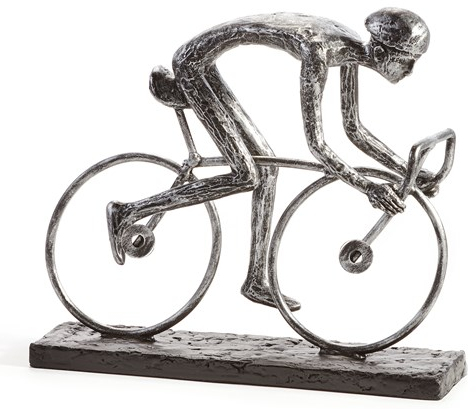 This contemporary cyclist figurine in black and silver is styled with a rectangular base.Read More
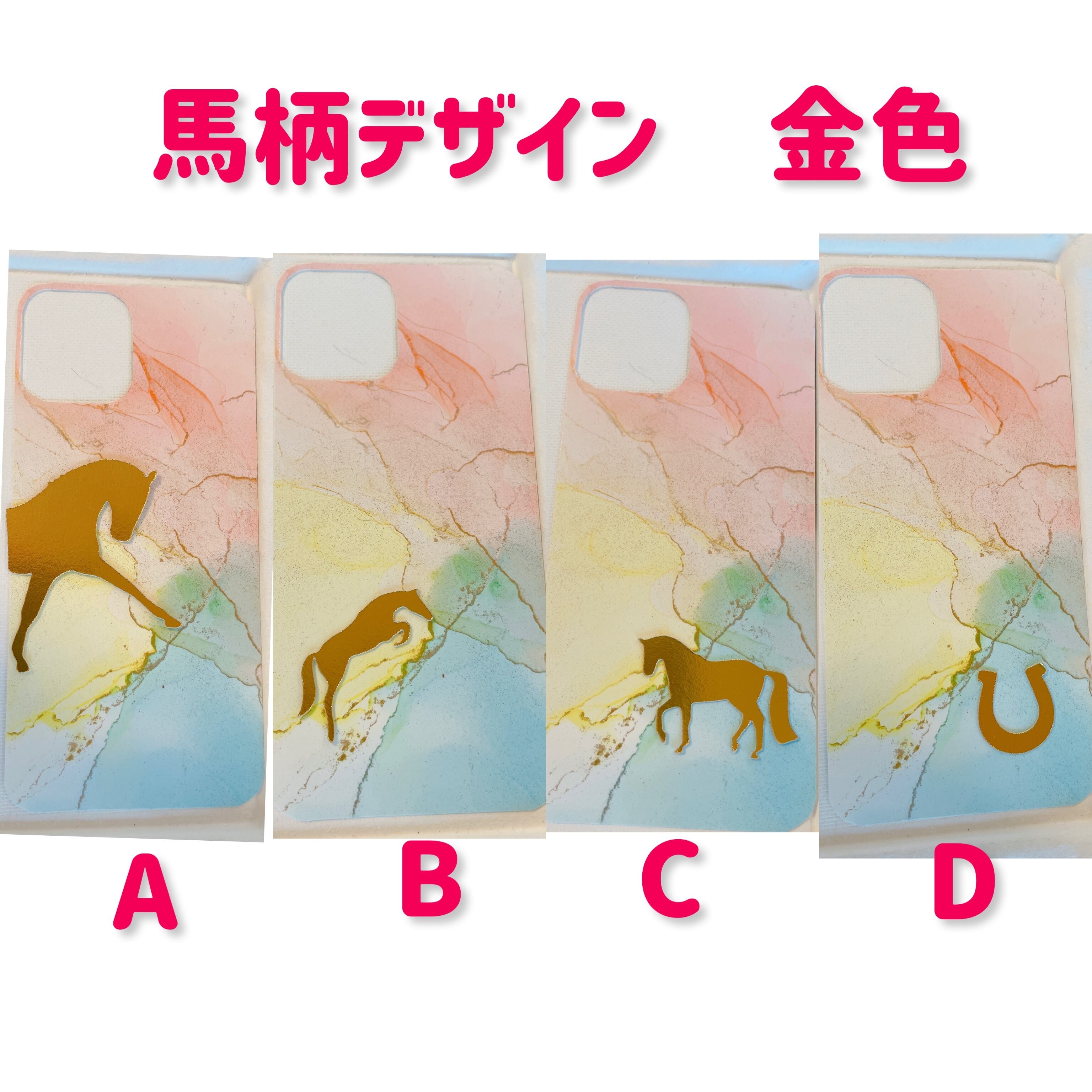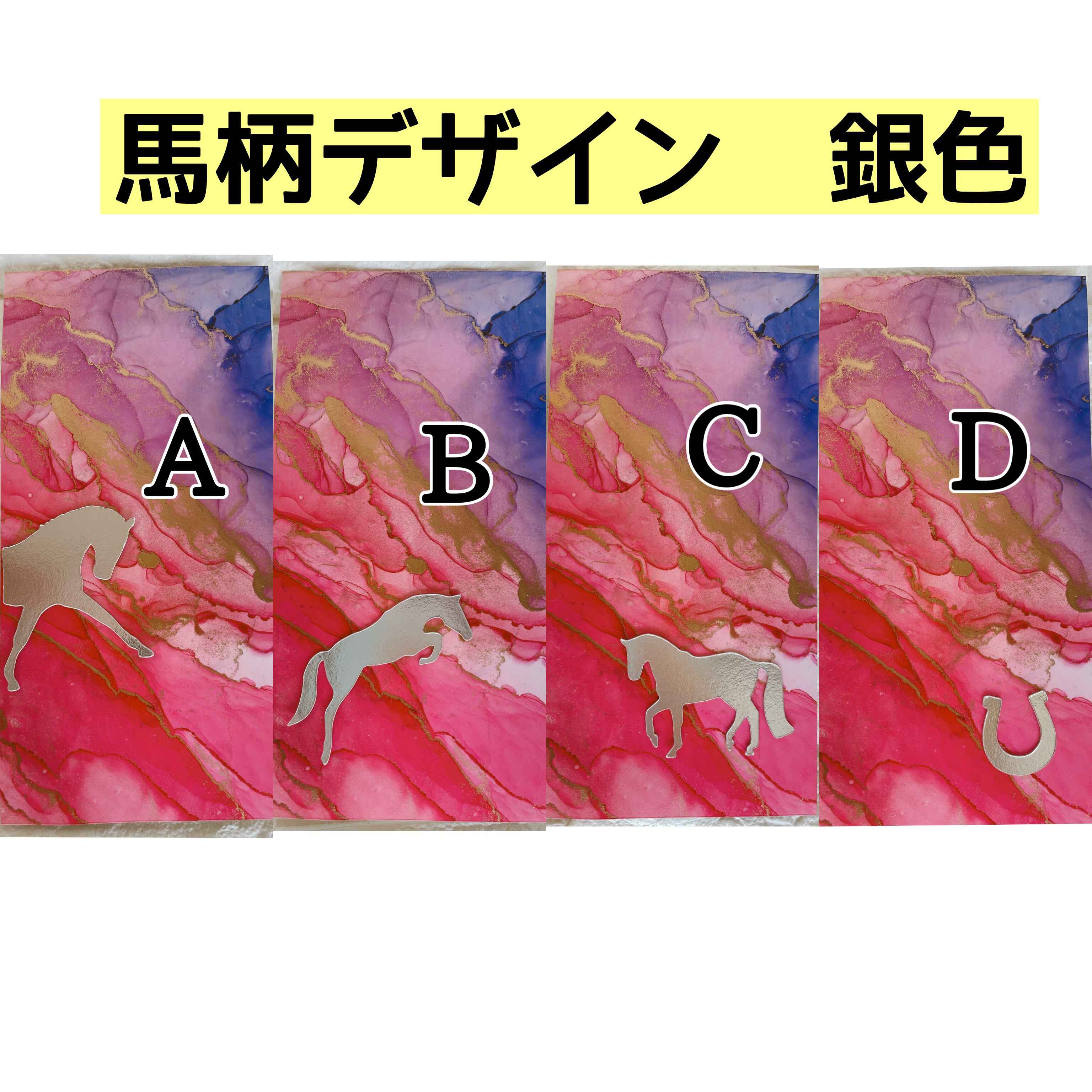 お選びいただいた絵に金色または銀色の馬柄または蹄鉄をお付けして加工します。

--

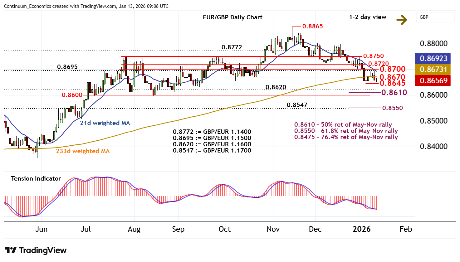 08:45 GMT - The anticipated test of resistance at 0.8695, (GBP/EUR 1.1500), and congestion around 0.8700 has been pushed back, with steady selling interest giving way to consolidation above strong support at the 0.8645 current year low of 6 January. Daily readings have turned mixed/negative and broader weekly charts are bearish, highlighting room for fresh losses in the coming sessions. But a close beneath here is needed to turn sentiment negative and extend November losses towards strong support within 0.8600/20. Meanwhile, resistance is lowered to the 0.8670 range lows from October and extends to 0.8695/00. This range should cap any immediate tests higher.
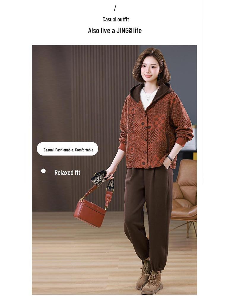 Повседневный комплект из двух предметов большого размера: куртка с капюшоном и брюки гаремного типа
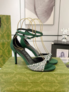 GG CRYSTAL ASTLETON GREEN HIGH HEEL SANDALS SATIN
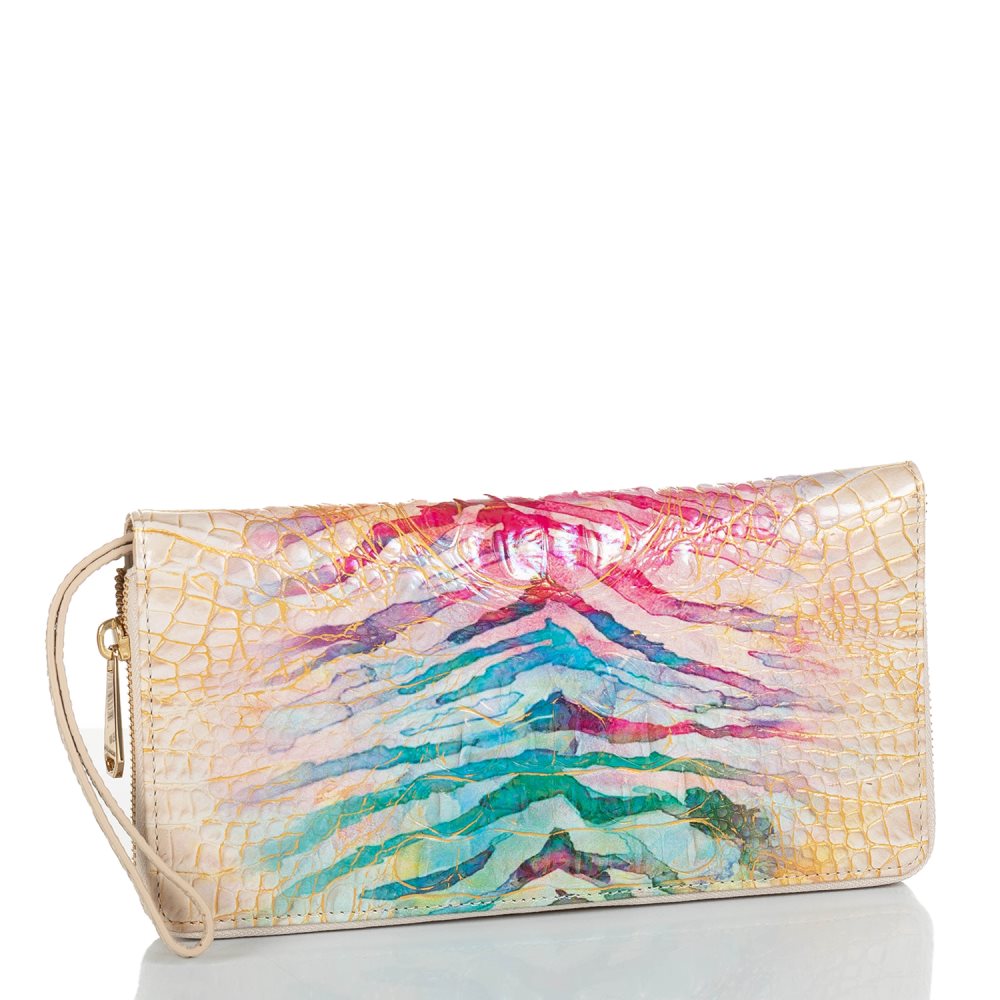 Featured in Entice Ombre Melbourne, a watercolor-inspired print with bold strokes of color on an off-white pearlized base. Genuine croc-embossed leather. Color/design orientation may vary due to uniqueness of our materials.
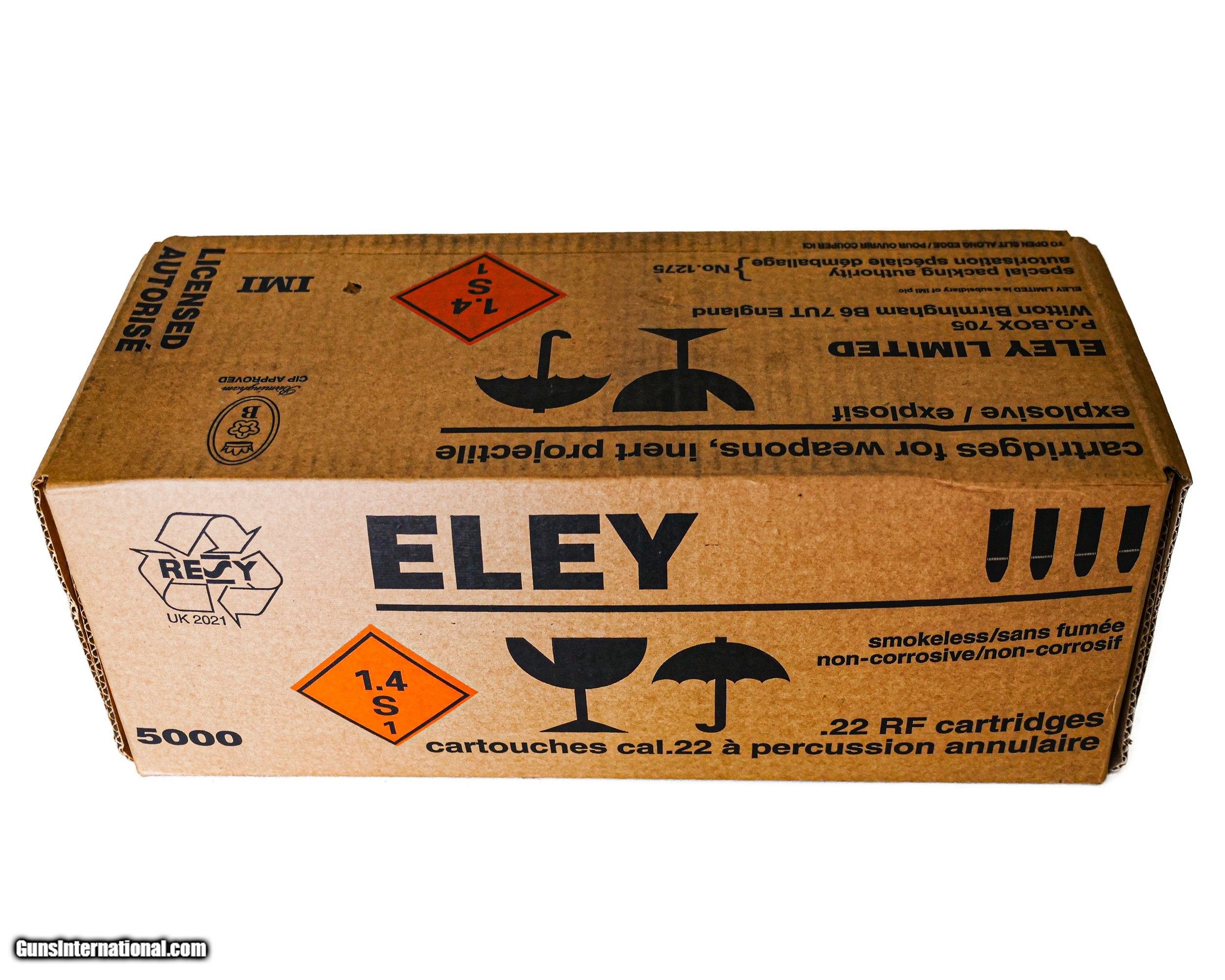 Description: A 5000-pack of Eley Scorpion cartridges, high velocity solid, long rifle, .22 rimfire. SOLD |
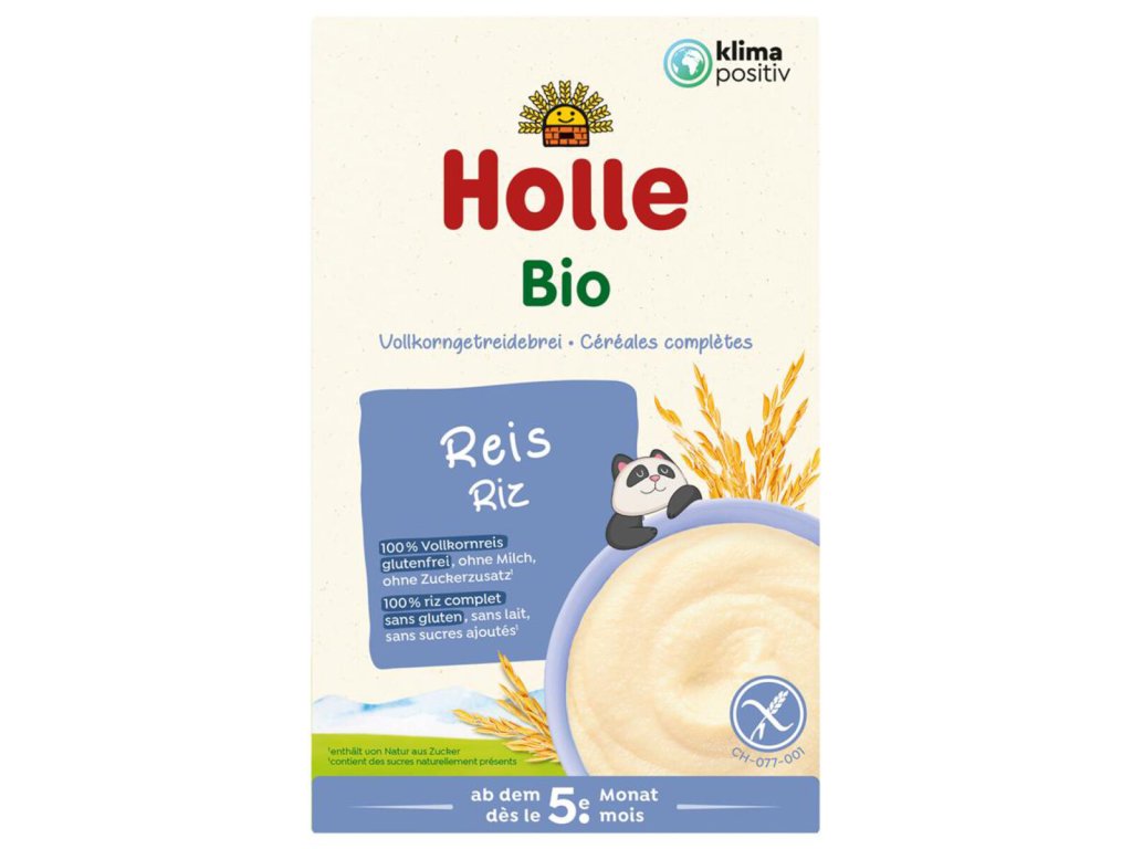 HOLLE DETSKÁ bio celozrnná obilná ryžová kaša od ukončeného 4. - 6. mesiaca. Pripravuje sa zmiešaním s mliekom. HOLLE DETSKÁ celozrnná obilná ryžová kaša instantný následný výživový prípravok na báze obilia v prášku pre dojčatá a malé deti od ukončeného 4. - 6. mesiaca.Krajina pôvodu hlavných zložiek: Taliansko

About this task
Give back the exact lines above, running from the one that has "GG CRYSTAL ASTLETON" through the one that has "Featured in Entice", with nothing added and no pictures.

Solution to this task
 GG CRYSTAL ASTLETON GREEN HIGH HEEL SANDALS SATIN
 Featured in Entice Ombre Melbourne, a watercolor-inspired print with bold strokes of color on an off-white pearlized base. Genuine croc-embossed leather. Color/design orientation may vary due to uniqueness of our materials.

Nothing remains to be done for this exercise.